▸ YOUR INSTRUCTIONS
Without adding or dropping anything, copy the entries below.

Stored records:

Start of Block

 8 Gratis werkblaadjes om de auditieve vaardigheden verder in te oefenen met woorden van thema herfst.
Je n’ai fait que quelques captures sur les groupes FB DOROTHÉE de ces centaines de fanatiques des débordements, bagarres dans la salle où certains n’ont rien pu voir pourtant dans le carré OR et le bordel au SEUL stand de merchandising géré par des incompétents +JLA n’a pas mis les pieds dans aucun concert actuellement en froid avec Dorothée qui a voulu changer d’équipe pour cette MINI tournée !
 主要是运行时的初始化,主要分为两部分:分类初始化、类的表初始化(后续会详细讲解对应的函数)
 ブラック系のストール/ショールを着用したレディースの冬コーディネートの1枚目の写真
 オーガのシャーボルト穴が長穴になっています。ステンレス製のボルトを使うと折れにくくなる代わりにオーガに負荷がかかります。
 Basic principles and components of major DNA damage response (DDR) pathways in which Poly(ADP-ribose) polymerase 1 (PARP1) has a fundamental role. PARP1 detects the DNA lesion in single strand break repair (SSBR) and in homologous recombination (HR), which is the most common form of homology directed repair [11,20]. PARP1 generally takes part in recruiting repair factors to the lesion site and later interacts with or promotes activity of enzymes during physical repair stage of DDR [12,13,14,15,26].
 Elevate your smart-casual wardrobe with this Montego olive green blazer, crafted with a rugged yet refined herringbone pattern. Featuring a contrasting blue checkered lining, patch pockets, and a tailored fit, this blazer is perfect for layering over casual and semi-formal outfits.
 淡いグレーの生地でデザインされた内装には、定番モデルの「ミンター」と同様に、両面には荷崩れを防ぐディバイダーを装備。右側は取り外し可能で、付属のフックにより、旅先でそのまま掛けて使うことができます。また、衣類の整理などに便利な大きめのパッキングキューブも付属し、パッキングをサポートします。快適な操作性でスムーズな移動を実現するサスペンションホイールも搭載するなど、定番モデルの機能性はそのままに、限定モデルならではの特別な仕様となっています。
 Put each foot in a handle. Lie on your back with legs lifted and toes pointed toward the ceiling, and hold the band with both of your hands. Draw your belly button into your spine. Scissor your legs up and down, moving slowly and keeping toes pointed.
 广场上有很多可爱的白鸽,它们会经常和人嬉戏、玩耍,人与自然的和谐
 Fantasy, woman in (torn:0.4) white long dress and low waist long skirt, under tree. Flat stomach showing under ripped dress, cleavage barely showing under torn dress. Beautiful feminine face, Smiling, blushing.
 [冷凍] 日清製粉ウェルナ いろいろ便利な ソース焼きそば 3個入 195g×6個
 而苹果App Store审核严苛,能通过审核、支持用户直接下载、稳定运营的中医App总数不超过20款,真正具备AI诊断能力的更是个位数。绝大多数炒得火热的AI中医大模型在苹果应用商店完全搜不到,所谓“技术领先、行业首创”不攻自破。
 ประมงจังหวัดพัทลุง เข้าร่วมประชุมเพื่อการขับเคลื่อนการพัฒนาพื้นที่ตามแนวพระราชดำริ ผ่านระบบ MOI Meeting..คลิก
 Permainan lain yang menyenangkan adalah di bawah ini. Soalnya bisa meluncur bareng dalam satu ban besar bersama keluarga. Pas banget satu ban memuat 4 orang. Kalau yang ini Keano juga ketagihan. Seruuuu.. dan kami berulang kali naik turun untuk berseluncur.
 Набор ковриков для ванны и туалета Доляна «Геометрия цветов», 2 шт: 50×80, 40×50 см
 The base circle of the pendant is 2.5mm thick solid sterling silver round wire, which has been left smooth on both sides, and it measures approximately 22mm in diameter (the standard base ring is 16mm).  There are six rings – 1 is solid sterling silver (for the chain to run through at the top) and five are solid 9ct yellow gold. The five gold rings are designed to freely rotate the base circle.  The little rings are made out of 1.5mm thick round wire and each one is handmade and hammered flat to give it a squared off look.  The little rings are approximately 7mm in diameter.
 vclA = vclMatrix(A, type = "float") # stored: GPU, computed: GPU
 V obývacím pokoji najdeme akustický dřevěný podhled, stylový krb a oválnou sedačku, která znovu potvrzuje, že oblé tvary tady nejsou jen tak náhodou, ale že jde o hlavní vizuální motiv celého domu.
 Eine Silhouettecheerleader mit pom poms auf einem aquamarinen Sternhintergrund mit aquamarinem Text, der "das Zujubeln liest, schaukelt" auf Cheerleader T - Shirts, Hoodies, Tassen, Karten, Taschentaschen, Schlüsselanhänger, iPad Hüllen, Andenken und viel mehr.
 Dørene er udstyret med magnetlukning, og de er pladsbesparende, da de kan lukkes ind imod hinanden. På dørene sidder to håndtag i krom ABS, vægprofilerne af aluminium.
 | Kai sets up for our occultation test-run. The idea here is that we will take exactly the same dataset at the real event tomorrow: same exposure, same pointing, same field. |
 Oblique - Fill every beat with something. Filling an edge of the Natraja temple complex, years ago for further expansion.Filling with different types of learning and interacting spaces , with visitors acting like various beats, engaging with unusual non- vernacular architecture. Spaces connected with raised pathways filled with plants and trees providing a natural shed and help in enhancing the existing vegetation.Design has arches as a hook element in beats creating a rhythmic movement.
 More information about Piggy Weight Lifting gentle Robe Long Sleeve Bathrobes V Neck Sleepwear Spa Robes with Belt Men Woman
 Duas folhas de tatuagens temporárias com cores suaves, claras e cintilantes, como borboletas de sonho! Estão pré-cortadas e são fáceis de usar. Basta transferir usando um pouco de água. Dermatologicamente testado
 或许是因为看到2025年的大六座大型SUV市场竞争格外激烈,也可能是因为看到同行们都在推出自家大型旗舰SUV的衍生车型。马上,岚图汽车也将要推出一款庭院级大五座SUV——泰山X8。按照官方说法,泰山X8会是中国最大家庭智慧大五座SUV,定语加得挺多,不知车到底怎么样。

End of Block

▸ RESPONSE BELOW
 8 Gratis werkblaadjes om de auditieve vaardigheden verder in te oefenen met woorden van thema herfst.
Je n’ai fait que quelques captures sur les groupes FB DOROTHÉE de ces centaines de fanatiques des débordements, bagarres dans la salle où certains n’ont rien pu voir pourtant dans le carré OR et le bordel au SEUL stand de merchandising géré par des incompétents +JLA n’a pas mis les pieds dans aucun concert actuellement en froid avec Dorothée qui a voulu changer d’équipe pour cette MINI tournée !
 主要是运行时的初始化,主要分为两部分:分类初始化、类的表初始化(后续会详细讲解对应的函数)
 ブラック系のストール/ショールを着用したレディースの冬コーディネートの1枚目の写真
 オーガのシャーボルト穴が長穴になっています。ステンレス製のボルトを使うと折れにくくなる代わりにオーガに負荷がかかります。
 Basic principles and components of major DNA damage response (DDR) pathways in which Poly(ADP-ribose) polymerase 1 (PARP1) has a fundamental role. PARP1 detects the DNA lesion in single strand break repair (SSBR) and in homologous recombination (HR), which is the most common form of homology directed repair [11,20]. PARP1 generally takes part in recruiting repair factors to the lesion site and later interacts with or promotes activity of enzymes during physical repair stage of DDR [12,13,14,15,26].
 Elevate your smart-casual wardrobe with this Montego olive green blazer, crafted with a rugged yet refined herringbone pattern. Featuring a contrasting blue checkered lining, patch pockets, and a tailored fit, this blazer is perfect for layering over casual and semi-formal outfits.
 淡いグレーの生地でデザインされた内装には、定番モデルの「ミンター」と同様に、両面には荷崩れを防ぐディバイダーを装備。右側は取り外し可能で、付属のフックにより、旅先でそのまま掛けて使うことができます。また、衣類の整理などに便利な大きめのパッキングキューブも付属し、パッキングをサポートします。快適な操作性でスムーズな移動を実現するサスペンションホイールも搭載するなど、定番モデルの機能性はそのままに、限定モデルならではの特別な仕様となっています。
 Put each foot in a handle. Lie on your back with legs lifted and toes pointed toward the ceiling, and hold the band with both of your hands. Draw your belly button into your spine. Scissor your legs up and down, moving slowly and keeping toes pointed.
 广场上有很多可爱的白鸽,它们会经常和人嬉戏、玩耍,人与自然的和谐
 Fantasy, woman in (torn:0.4) white long dress and low waist long skirt, under tree. Flat stomach showing under ripped dress, cleavage barely showing under torn dress. Beautiful feminine face, Smiling, blushing.
 [冷凍] 日清製粉ウェルナ いろいろ便利な ソース焼きそば 3個入 195g×6個
 而苹果App Store审核严苛,能通过审核、支持用户直接下载、稳定运营的中医App总数不超过20款,真正具备AI诊断能力的更是个位数。绝大多数炒得火热的AI中医大模型在苹果应用商店完全搜不到,所谓“技术领先、行业首创”不攻自破。
 ประมงจังหวัดพัทลุง เข้าร่วมประชุมเพื่อการขับเคลื่อนการพัฒนาพื้นที่ตามแนวพระราชดำริ ผ่านระบบ MOI Meeting..คลิก
 Permainan lain yang menyenangkan adalah di bawah ini. Soalnya bisa meluncur bareng dalam satu ban besar bersama keluarga. Pas banget satu ban memuat 4 orang. Kalau yang ini Keano juga ketagihan. Seruuuu.. dan kami berulang kali naik turun untuk berseluncur.
 Набор ковриков для ванны и туалета Доляна «Геометрия цветов», 2 шт: 50×80, 40×50 см
 The base circle of the pendant is 2.5mm thick solid sterling silver round wire, which has been left smooth on both sides, and it measures approximately 22mm in diameter (the standard base ring is 16mm).  There are six rings – 1 is solid sterling silver (for the chain to run through at the top) and five are solid 9ct yellow gold. The five gold rings are designed to freely rotate the base circle.  The little rings are made out of 1.5mm thick round wire and each one is handmade and hammered flat to give it a squared off look.  The little rings are approximately 7mm in diameter.
 vclA = vclMatrix(A, type = "float") # stored: GPU, computed: GPU
 V obývacím pokoji najdeme akustický dřevěný podhled, stylový krb a oválnou sedačku, která znovu potvrzuje, že oblé tvary tady nejsou jen tak náhodou, ale že jde o hlavní vizuální motiv celého domu.
 Eine Silhouettecheerleader mit pom poms auf einem aquamarinen Sternhintergrund mit aquamarinem Text, der "das Zujubeln liest, schaukelt" auf Cheerleader T - Shirts, Hoodies, Tassen, Karten, Taschentaschen, Schlüsselanhänger, iPad Hüllen, Andenken und viel mehr.
 Dørene er udstyret med magnetlukning, og de er pladsbesparende, da de kan lukkes ind imod hinanden. På dørene sidder to håndtag i krom ABS, vægprofilerne af aluminium.
 | Kai sets up for our occultation test-run. The idea here is that we will take exactly the same dataset at the real event tomorrow: same exposure, same pointing, same field. |
 Oblique - Fill every beat with something. Filling an edge of the Natraja temple complex, years ago for further expansion.Filling with different types of learning and interacting spaces , with visitors acting like various beats, engaging with unusual non- vernacular architecture. Spaces connected with raised pathways filled with plants and trees providing a natural shed and help in enhancing the existing vegetation.Design has arches as a hook element in beats creating a rhythmic movement.
 More information about Piggy Weight Lifting gentle Robe Long Sleeve Bathrobes V Neck Sleepwear Spa Robes with Belt Men Woman
 Duas folhas de tatuagens temporárias com cores suaves, claras e cintilantes, como borboletas de sonho! Estão pré-cortadas e são fáceis de usar. Basta transferir usando um pouco de água. Dermatologicamente testado
 或许是因为看到2025年的大六座大型SUV市场竞争格外激烈,也可能是因为看到同行们都在推出自家大型旗舰SUV的衍生车型。马上,岚图汽车也将要推出一款庭院级大五座SUV——泰山X8。按照官方说法,泰山X8会是中国最大家庭智慧大五座SUV,定语加得挺多,不知车到底怎么样。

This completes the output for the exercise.